Other studies have focused primarily on physician characteristics associated with the management of mood and anxiety conditions in primary care (17,18). For instance, a study conducted in Israel found that family medicine physicians were more likely to manage depression by themselves compared with internal medicine physicians (19). Only a few studies examined both physician and patient characteristics, but most of these studies did not conduct multilevel analysis to distinguish patient- and physician-level characteristics. One study found lower levels of adherence to psychotropic medications especially among patients of high-prescribing physicians (11). Other studies found that patients whose physicians used guideline-concordant follow-up (20) or provided greater educational information concerning the medications (21) were more likely to adhere to their medication regimen.

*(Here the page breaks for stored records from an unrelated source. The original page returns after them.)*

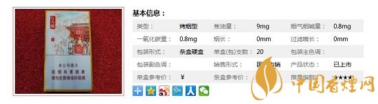 一盒20支,煙長94mm,焦油量9mg,煙堿量0.8mg,一氧化碳量9mg
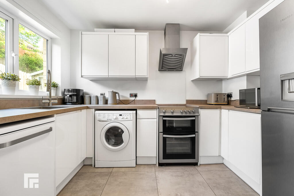 KITCHEN10' 6" x 6' 2" (3.22m x 1.89m) Modern fitted kitchen appointed along three sides in light high gloss fronts beneath concrete effect laminate worktop surfaces. Inset stainless steel sink. Space for slot in cooker with cooker hood above. Space for fridge freezer. Plumbing for washing machine. Plumbing for tumble dryer. Matching range of eye level wall cupboards. Window overlooking the rear garden. Tiled flooring.
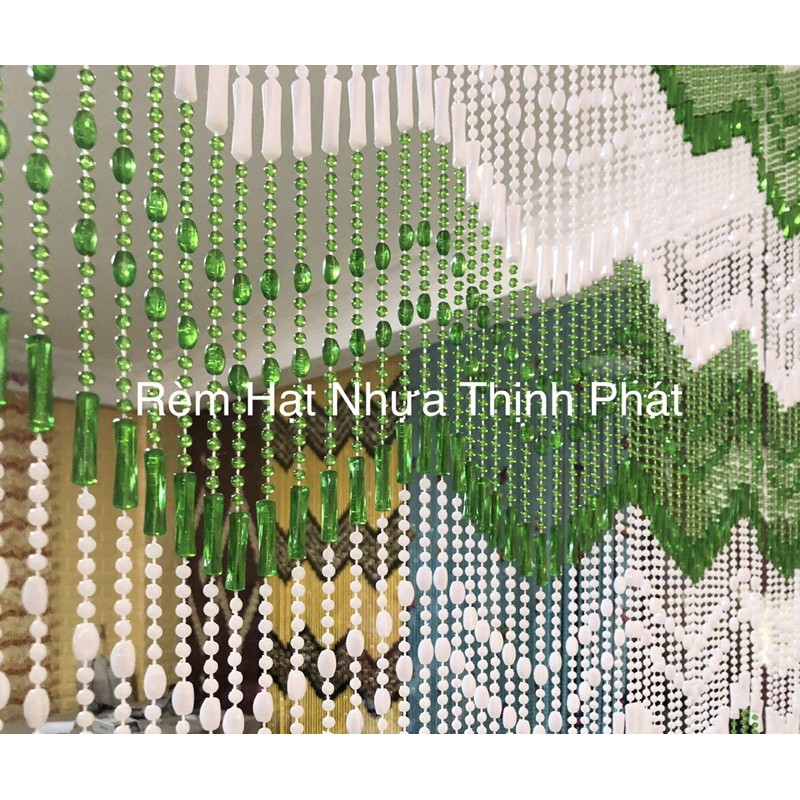 Màn rèm hạt nhựa Trắng Xanh Rêu độc lạ làm dầy sợi giải pháp phong thuỷ tối ưu
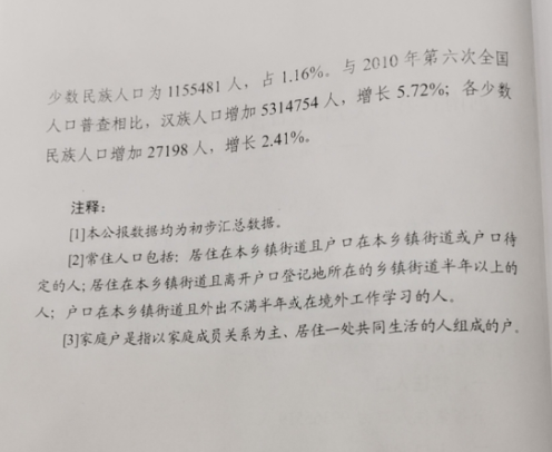 (八)民族人口。全省常住人口中,56个民族齐全。其中,汉族人口为9821.0万人,占98.84%;各少数民族人口为115.5万人,占1.16%。与2010年相比,汉族人口增长5.72%,各少数民族人口增长2.41%。
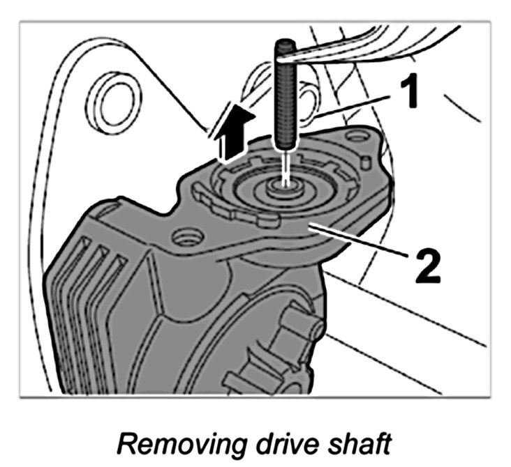 5. Pull drive shaft -1- out of the gear mount -2- and check for damage.
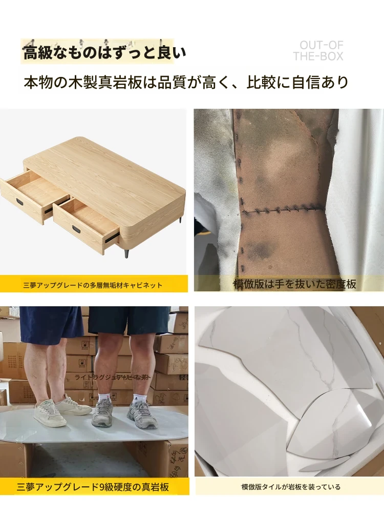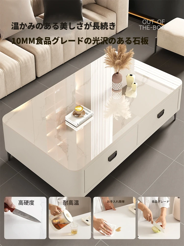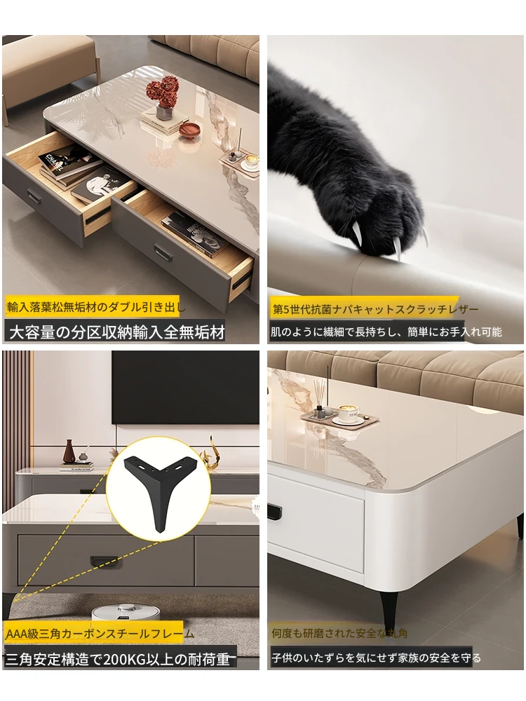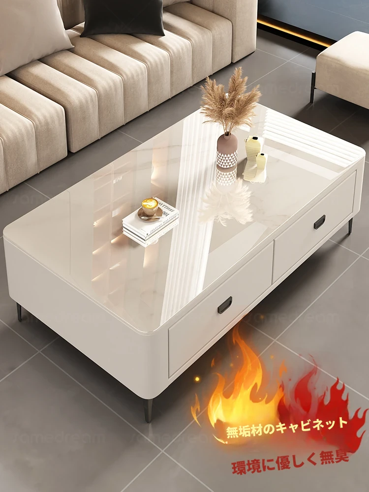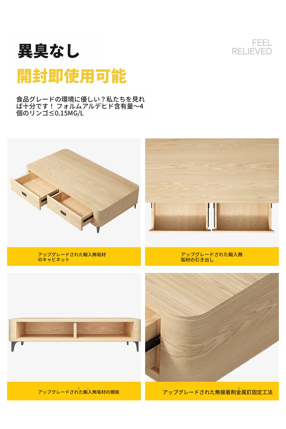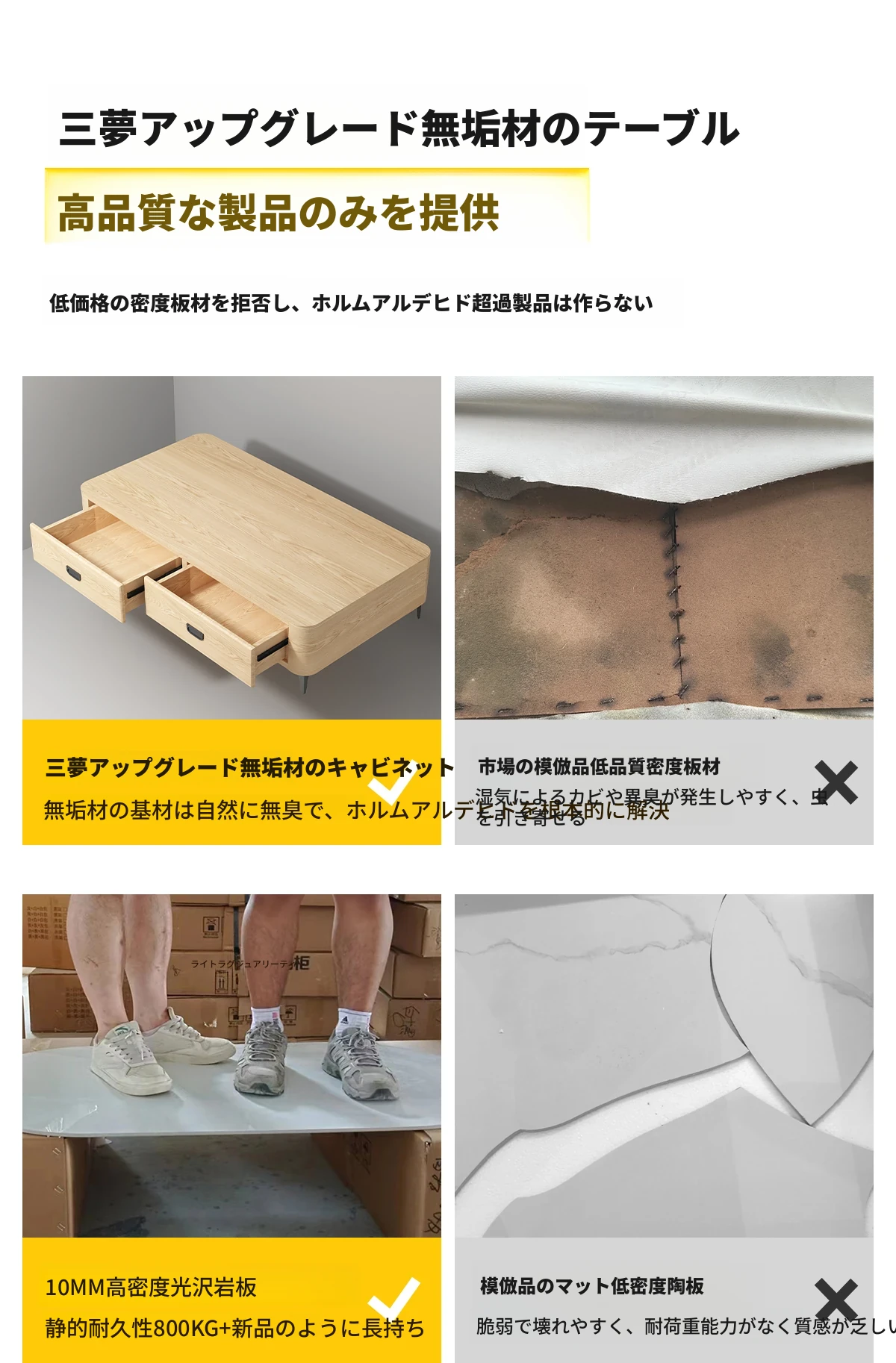 三夢の無垢材ロックボードコーヒーテーブル - 2025年新作!モダンな小型リビングにぴったりのラグジュアリー感あふれるデザイン、テレビ台としても使える多機能性!

There is a growing body of research arguing that multilevel analysis that takes into consideration both physician and patient characteristics is required for adequate understanding of clinical management in primary care (22). Therefore, the objective of this study was to analyze the role of patient and physician characteristics associated with the purchase of antidepressant and antianxiety medications in Israel, a country that has a universal health care system and provides a comprehensive uniform basket of services that includes psychotropic medications but not psychotherapy (23).
With this study, we had an opportunity to use a comprehensive computerized medical registry of Clalit Health Services to evaluate patient and primary care physician characteristics associated with the purchase of antidepressant and antianxiety medications. Clalit Health Services is the largest health care fund in Israel, insuring 53% of the Israeli population. The database includes information on actual purchasing behaviors of patients instead of self-report data, which have known limitations, in particular regarding sensitive issues (24).

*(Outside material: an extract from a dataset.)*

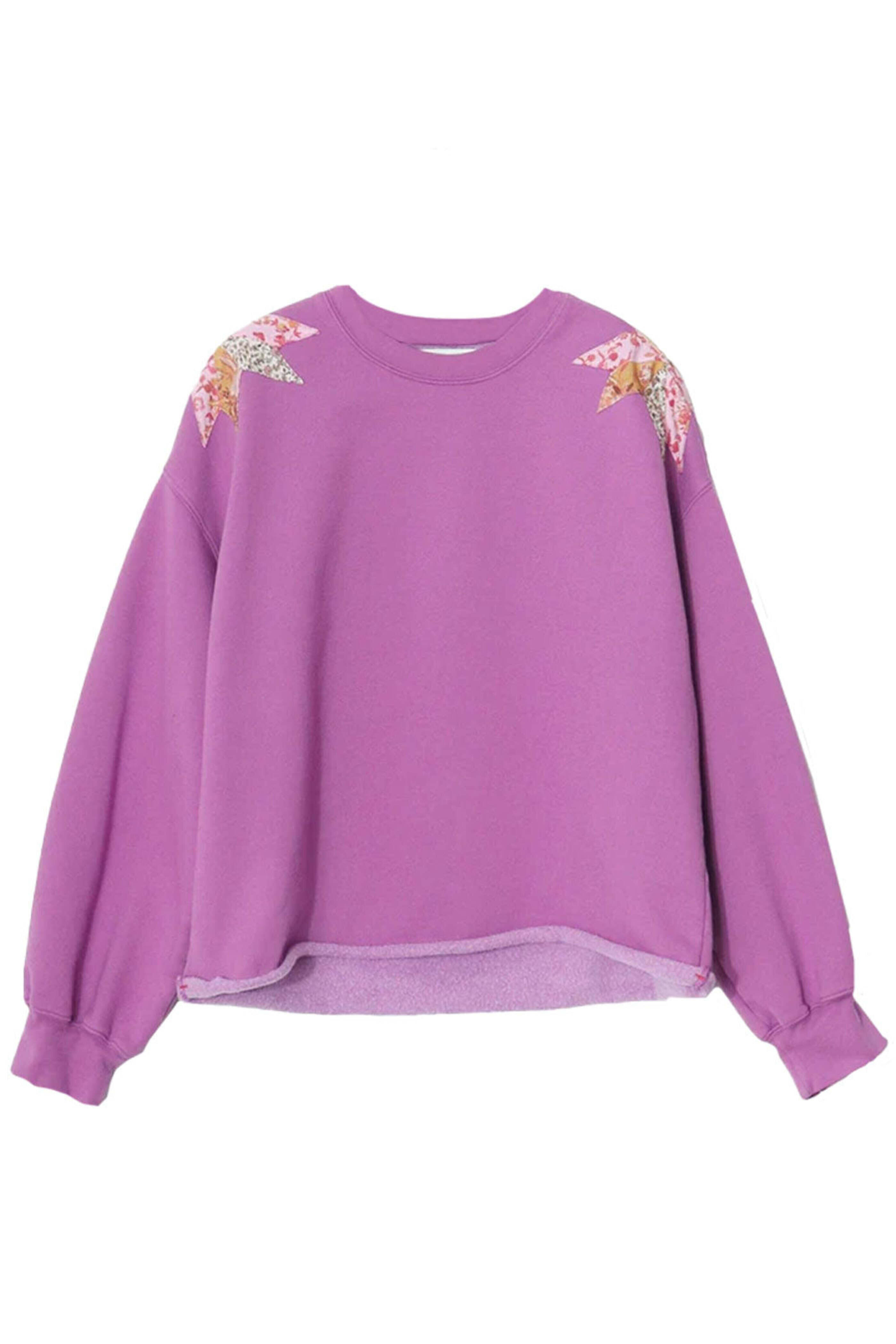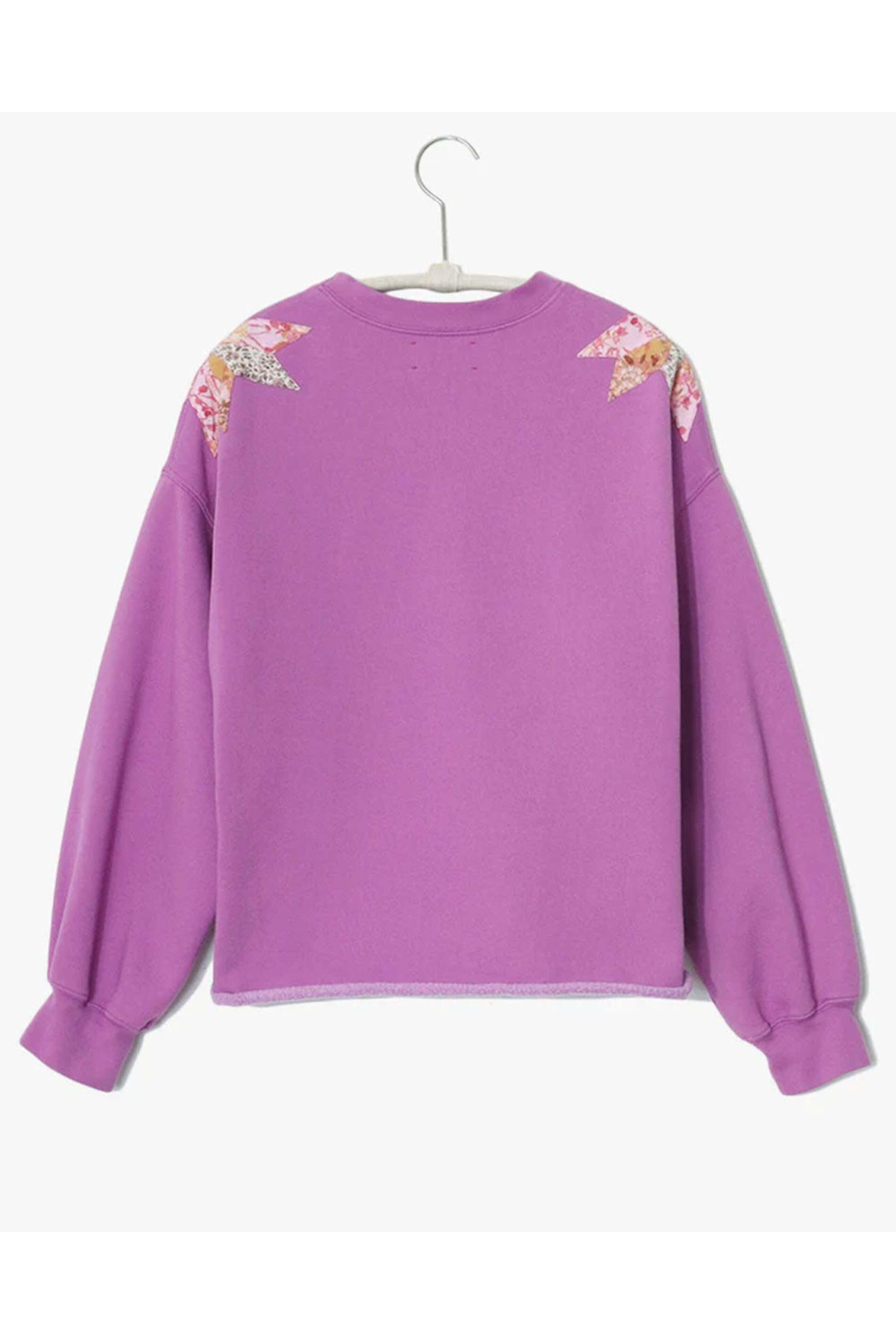 Xirena Wisteria Estella Sweatshirt. Crewneck. Dropped shoulders; applique detail. Long sleeves. Cropped raw hem. Relaxed fit. 50% Cotton, 50% Polyester.

On the basis of past research (25–28), we expected older adults, women, and Israeli Jews to have a higher probability of purchasing antidepressant and antianxiety medications compared with Israeli Arabs. In addition, on the basis of a previous study regarding primary care physicians in Israel (19), we expected a higher probability of purchasing among patients served by physicians with a specialty in family medicine.
The study received institutional review board approval from the Helsinki Committee of Clalit Health Services. We randomly sampled 30,000 primary care patients over the age of 22 as of January 2006 from Clalit Health Services' computerized medical registry.
Clalit Health Services uses a computerized medical registry that contains both patient and physician data. All physicians' visits are recorded in this registry and are matched with pharmacy data according to unique patient and physician IDs assigned to all Israelis.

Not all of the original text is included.